I could not find a sub-forum for this so I thought it may be a good idea.

Folks can share there planted tank photos in a specific area other than the journal section.

It may help bring further inspiration to this forum, who knows?

If this idea is no good, please delete this post.



Regards, Orlando


----------



## epicfish (Sep 11, 2006)

http://www.plantedtank.net/forums/tank-journals-photo-album/


----------



## imeridian (Jan 19, 2007)

I know it's hard to find, given that it even says photo album as part of the subforum name. 

http://www.plantedtank.net/forums/tank-journals-photo-album/


----------



## Green Leaf Aquariums (Feb 26, 2007)

Nope, I saw that..

Im talking about not combining Journals and Photos...

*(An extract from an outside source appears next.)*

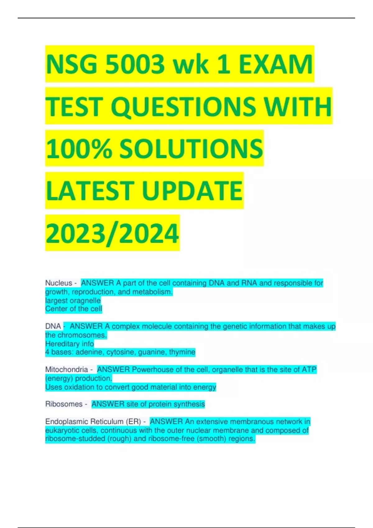 NSG 5003 wk 1 EXAM TEST QUESTIONS WITH 100% SOLUTIONS LATEST UPDATE 2023/2024 Nucleus - ANSWER A part of the cell containing DNA and RNA and responsible for growth, reproduction, and metabolism. largest oragnelle Center of the cell DNA - ANSWER A complex molecule containing the genetic information that makes up the chromosomes. Hereditary info 4 bases: adenine, cytosine, guanine, thymine Mitochondria - ANSWER Powerhouse of the cell, organelle that is the site of ATP (energy) production. Uses oxidation to convert good material into energy Ribosomes - ANSWER site of protein synthesis Endoplasmic Reticulum (ER) - ANSWER An extensive membranous network in eukaryotic cells, continuous with the outer nuclear membrane and composed of ribosome-studded (rough) and ribosome-free (smooth) regions. Rough ER - ANSWER covered with ribosomes that make membrane proteins and secretory proteins. Smooth ER - ANSWER No ribosomes, makes lipids and detox secretory vesicles - ANSWER protein hormones and enzymes stored, awaiting signals to be released. lysosome - ANSWER contains digestive enzymes Cytoskeleton - ANSWER helps the cell maintain its shape and is involved in many forms of cell movement. network of microtubules, microfilaments, intermediate filaments. Golgi apparatus - ANSWER modifies, sorts, and packages proteins Osmolality - ANSWER the concentration of solutes in body fluids IF HIGH= DEHYDRATION Osmolarity - ANSWER total concentration of all solute particles in a solution Glycolysis - ANSWER the breakdown of glucose by enzymes, releasing energy and pyruvic acid. FORMS 2 ATP+ 2 PYRUVATE Phagocytosis - ANSWER A type of endocytosis in which a cell engulfs large particles or whole cells. CELL EATING Pinocytosis - ANSWER A type of endocytosis in which the cell ingests extracellular fluid and its dissolved solutes. CELL DRINKING Endocytosis - ANSWER bringing substances into the cell through a vesicle or phagosome Diffusion - ANSWER Movement of molecules from an area of higher concentration to an area of lower concentration. facilitated diffusion - ANSWER process of diffusion. USES A CARRIER MOLECULE simple diffusion - ANSWER Diffusion that doesn't involve a direct input of energy or assistance by carrier proteins. Osmosis - ANSWER diffusion of water Excocytosis - ANSWER movement of large amounts of material out of the cell. neurotransmitters are packaged into vesicles and fuse with the cell membrane for release. active transport - ANSWER Energy-requiring process (VIA CARRIER PROTEIN) that moves material across a cell membrane against a concentration difference passive transport - ANSWER Requires NO energy, Movement of molecules from high to low concentration, Moves with the concentration gradient action potential - ANSWER neuronal repolarization due to efflux of potassium. energy production - ANSWER ATP. The breakdown of glucose (carbs) and triglycerides (fats) Mictochondria - ANSWER produces ATP through aerobic respiration Chromosomes - ANSWER threadlike structures made of DNA molecules that contain the genes DNA - ANSWER A complex molecule containing the genetic information that makes up the chromosomes. Nucleotide - ANSWER Genetic codes are stored. A building block of DNA, consisting of a five-carbon sugar covalently bonded to a nitrogenous base and a phosphate group. Nitrogen bases - ANSWER A-T and C-G match. Purine: adenine & guanine Pyrimidine: thymine & cytosine osmotic pressure - ANSWER the external pressure that must be applied to stop osmosis base pairs - ANSWER A-T G-C Genes - ANSWER DNA segments that serve as the key functional units in hereditary transmission. Template of protein synthesis. Genotype - ANSWER genetic makeup Phenotype - ANSWER physical characteristics of an organism (blue eyes) Genome - ANSWER the complete set of DNA and genes Replication - ANSWER process of copying DNA prior to cell division Differentiation - ANSWER process in which cells become specialized in structure and function cell cycle - ANSWER series of events in which a cell grows, prepares for division, and divides to form two daughter cells Interphase - ANSWER consists of G1, S, and G2 phases. Checkpoint where damaged DNA is fixed Mitosis - ANSWER cell division in MATURE somatic cells (nongamete) Meiosis - ANSWER Cell division that produces reproductive cells (sperm & ova) Cellular Organization - ANSWER All living things are composed of one or more cells epithelial tissue - ANSWER protection, absorption, filtration, secretion connective tissue functions - ANSWER binds body tissues together, supports the body, provides protection. made up of a large extracellular matrix and fibroblast cells Three types of Fibers (FIBROBLAST CELLS): collagen elastic reticular Neural tissue function - ANSWER carries electrical signals from one part of the body to another. composed of neurons. Axon: conducts impulse away body Dendrites: conduct impulse toward body muscle tissue - ANSWER contracts or shortens, making body parts move. made of fibers (myocytes) that consists of actin and myosin. Muscle fibers: smooth cardiac skeletal voluntary (skeletal movement) involuntary (heart) cellular damage - ANSWER Injury on the cellular level resulting from sufficient exposure to ionizing radiation at the molecular level. Cellular Adaptation - ANSWER atrophy, hypertrophy, hyperplasia, metaplasia, dysplasia inflammation - ANSWER a localized response to an injury or to the destruction of tissues atrophy - ANSWER to waste away hypertrophy - ANSWER increase in size Hyperplasia - ANSWER increase in number of cells Metaplasia - ANSWER Mature cell type is replaced by a different mature cell type Dysplasia (atypical hyperplasia) - ANSWER abnormal development or growth of cells, tissues, or organs Apoptosis - ANSWER programmed cell death Inappropriate (too much or not enough) leads to denereative neurological disease ( ischemia, Alz's, autimmune disorders) necrosis - ANSWER death of tissue Liquefaction necrosis - ANSWER Dead cells liquefy due to release

Keep the Planted Tank Photography separate from journals...


----------



## imeridian (Jan 19, 2007)

Oh, then, maybe you should have said that? :tongue:


----------



## Green Leaf Aquariums (Feb 26, 2007)

Yup, edited the OG post.


----------



## CL (Mar 13, 2008)

They used to be separate, ut no one posted in the journals forum- they just posted journals in the photo album. This summer they decided to combine the two subforums as per the requests of several members


----------



## Green Leaf Aquariums (Feb 26, 2007)

Thats why I think it should be titled as Planted Tank Photography and not photo Album.

Ehh, oh well.


----------



## CL (Mar 13, 2008)

Ahh, good point!


----------



## SleepySin (Mar 2, 2009)

What about the Photo Gallery?
Seems to have very little activity but if some people started to post there then it would attract more participants.


----------



## KDahlin (Mar 12, 2007)

Seems like a good idea to me. I'd like a forum where issues about aquarium photography were discussed along with people showcasing their photos. APC does have that so I at least I can always go there to get that.


----------



## Seiryoku (Apr 1, 2009)

I'd actively participate in a photography section ^^)b

(I didn't copy your round avatar idea!)


----------